(Given data)

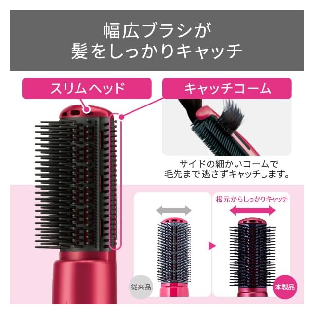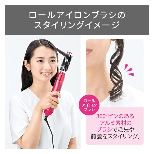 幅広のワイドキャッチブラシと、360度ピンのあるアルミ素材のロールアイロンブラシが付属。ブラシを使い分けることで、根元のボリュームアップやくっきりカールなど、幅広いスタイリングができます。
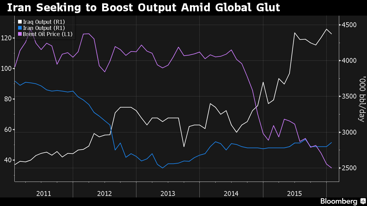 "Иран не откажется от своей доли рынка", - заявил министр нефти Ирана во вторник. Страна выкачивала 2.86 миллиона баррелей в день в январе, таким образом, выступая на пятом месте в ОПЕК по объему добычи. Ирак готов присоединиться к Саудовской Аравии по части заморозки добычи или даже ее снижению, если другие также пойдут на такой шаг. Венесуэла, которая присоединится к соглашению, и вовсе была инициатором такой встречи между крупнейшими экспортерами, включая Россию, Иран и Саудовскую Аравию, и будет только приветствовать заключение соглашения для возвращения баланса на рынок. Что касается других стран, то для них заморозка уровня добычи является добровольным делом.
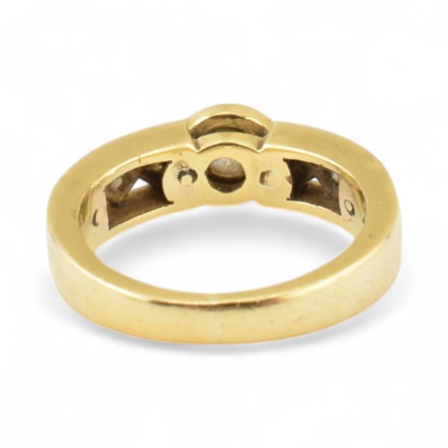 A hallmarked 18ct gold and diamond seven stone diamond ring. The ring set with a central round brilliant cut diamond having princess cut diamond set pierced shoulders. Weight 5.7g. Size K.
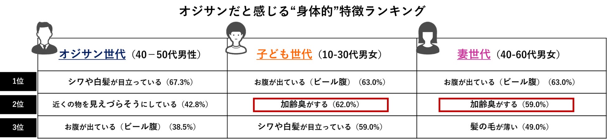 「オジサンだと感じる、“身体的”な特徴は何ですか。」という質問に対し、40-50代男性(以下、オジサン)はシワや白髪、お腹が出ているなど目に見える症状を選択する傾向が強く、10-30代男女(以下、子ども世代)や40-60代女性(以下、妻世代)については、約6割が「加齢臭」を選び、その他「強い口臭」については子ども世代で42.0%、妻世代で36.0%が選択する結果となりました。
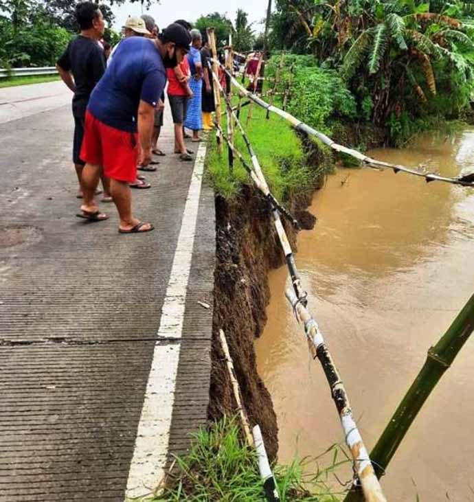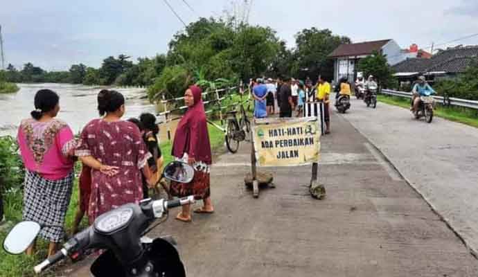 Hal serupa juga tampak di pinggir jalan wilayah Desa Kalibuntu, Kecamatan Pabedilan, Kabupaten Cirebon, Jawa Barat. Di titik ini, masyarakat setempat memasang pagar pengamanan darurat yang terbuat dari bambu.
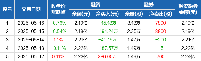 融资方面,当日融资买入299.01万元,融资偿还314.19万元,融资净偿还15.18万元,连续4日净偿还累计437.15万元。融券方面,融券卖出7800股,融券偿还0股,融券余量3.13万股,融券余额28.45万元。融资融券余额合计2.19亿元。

(End Given data)
(Given data)

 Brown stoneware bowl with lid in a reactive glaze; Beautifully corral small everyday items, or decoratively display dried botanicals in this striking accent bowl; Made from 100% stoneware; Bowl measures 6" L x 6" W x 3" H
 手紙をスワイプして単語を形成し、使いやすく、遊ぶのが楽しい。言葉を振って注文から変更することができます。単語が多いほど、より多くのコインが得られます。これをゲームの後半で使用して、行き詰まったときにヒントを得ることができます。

(End Given data)

● Exercise goal: Here the job is to copy the stretch of records from the line containing "幅広のワイドキャッチブラシと" through the line containing "A hallmarked 18ct", word for word. Leave every picture out.

● Answer:
 幅広のワイドキャッチブラシと、360度ピンのあるアルミ素材のロールアイロンブラシが付属。ブラシを使い分けることで、根元のボリュームアップやくっきりカールなど、幅広いスタイリングができます。
 "Иран не откажется от своей доли рынка", - заявил министр нефти Ирана во вторник. Страна выкачивала 2.86 миллиона баррелей в день в январе, таким образом, выступая на пятом месте в ОПЕК по объему добычи. Ирак готов присоединиться к Саудовской Аравии по части заморозки добычи или даже ее снижению, если другие также пойдут на такой шаг. Венесуэла, которая присоединится к соглашению, и вовсе была инициатором такой встречи между крупнейшими экспортерами, включая Россию, Иран и Саудовскую Аравию, и будет только приветствовать заключение соглашения для возвращения баланса на рынок. Что касается других стран, то для них заморозка уровня добычи является добровольным делом.
 A hallmarked 18ct gold and diamond seven stone diamond ring. The ring set with a central round brilliant cut diamond having princess cut diamond set pierced shoulders. Weight 5.7g. Size K.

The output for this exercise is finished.